The utilization of machine learning and artificial intelligence has become increasingly popular in the field of transportation and logistics. With the surge of available data for companies to use both internally and externally, as well as the advancements in scalable computational power for large amounts of data processing, the possibilities for providing insights to enhance decision-making processes are endless. Today, many industry leaders are investing large amounts of resources into these technologies to optimize processes, improve human decision-making and predict future opportunities. Machine learning has the potential to help businesses better understand their customers’ wants and needs so they can provide the best possible experience.
Here are a few cases in which machine learning has helped in the space of transportation and logistics:
Logistics providers can be much more productive and efficient when they can forecast future demand.
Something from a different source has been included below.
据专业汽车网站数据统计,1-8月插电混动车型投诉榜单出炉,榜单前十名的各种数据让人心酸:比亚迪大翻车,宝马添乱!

Whether it be detecting customers that will have freight to move or carriers that are willing and able to haul that freight, machine learning can aid in the decision-making process of which customers and carriers to reach out to.
Natural Language Processing
There are many use cases in which it is beneficial for computers to analyze and process the human language through various mediums, such as emails, phone calls and invoices. By automating this, companies can help their employees save time and effort in tedious tasks that would otherwise have to be performed manually.
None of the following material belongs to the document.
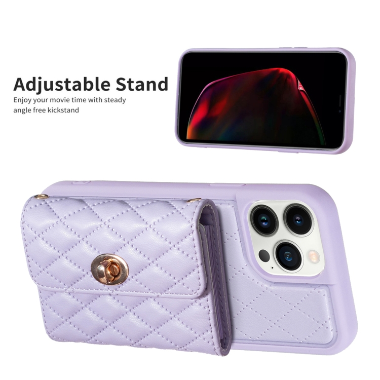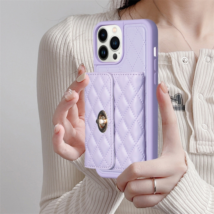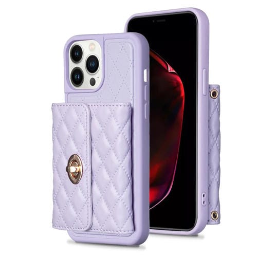 Funda Cartera para iPhone 13 Pro Max Rombico Horizontal Hebilla de Metal Cuero (Púrpura)

Predicting Peak Times and Seasons
Similarly to how it is beneficial to understand who to contact, it is equally as beneficial to know when to contact them. Customers and carriers may only want to be contacted during certain periods of the year or times of the day. It is to a company’s advantage to gather, analyze and provide these insights to its employees using both historical and external data sources.
Determining the optimal route for a carrier to move freight can make a large impact on saving time, reducing shipping costs and increasing profit margin. Logistics providers can use machine learning to analyze the best routes for cost savings with fuel, tolls and maintenance, all while making sure not to sacrifice on-time delivery for the customer.
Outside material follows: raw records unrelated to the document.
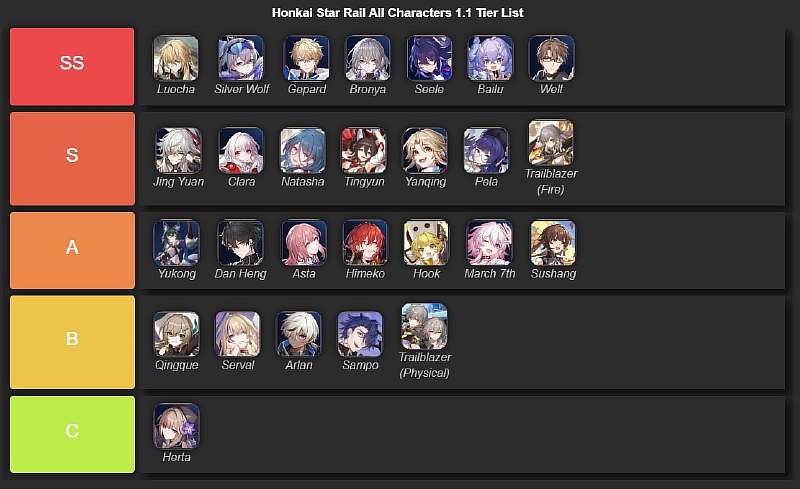Каждый персонаж в Хонкае по-своему хорош, но всё-таки некоторые чары сильнее других. Наглядное положение дел представлено на изображении ниже: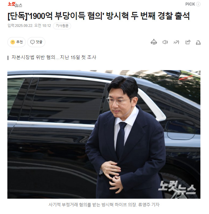 “涉嫌非法獲利1900億韓元”方時赫第二次前往警局接受調查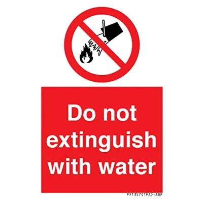 P011 : Do not extinguish with water This sign is made from vinyl / sticker Air Release vinyl makes it easy to stick to flat, clean surfaces without bubbles. Not for rough, plastic or dusty surfaces. A8 portrait Sign Text: Do not extinguish with water
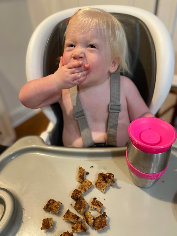 Hattie is a banana junkie, so much so that we have to call it “something yellow” around her so that she doesn’t lose her mind in anticipation of the “nana”. She can eat a large banana in four bites. It’s a pretty amazing party trick/choking hazard. Needless to say, this banana-sweetened french toast was a huge hit.

Help Deliver the Latest Technology-Rich Solutions
The increased usage of machine learning has enabled businesses across the industry of transportation and logistics to utilize big data to improve decision-making and become more efficient. As a forward-thinking organization, Werner implements the latest technologies to remain a top competitor in today’s new age of technology. The innovation arm of the business, Werner EDGE, has released numerous initiatives to enhance the experience of professional drivers, customers and alliance carriers. Analyzing historical data has helped make that possible to gain a better understanding of the behaviors of customers and carriers to a much larger degree than ever before. There will be more exciting initiatives to come for the remainder of 2020 and beyond, and with the utilization of machine learning, the experience of drivers, customers and carriers will remain the top priority.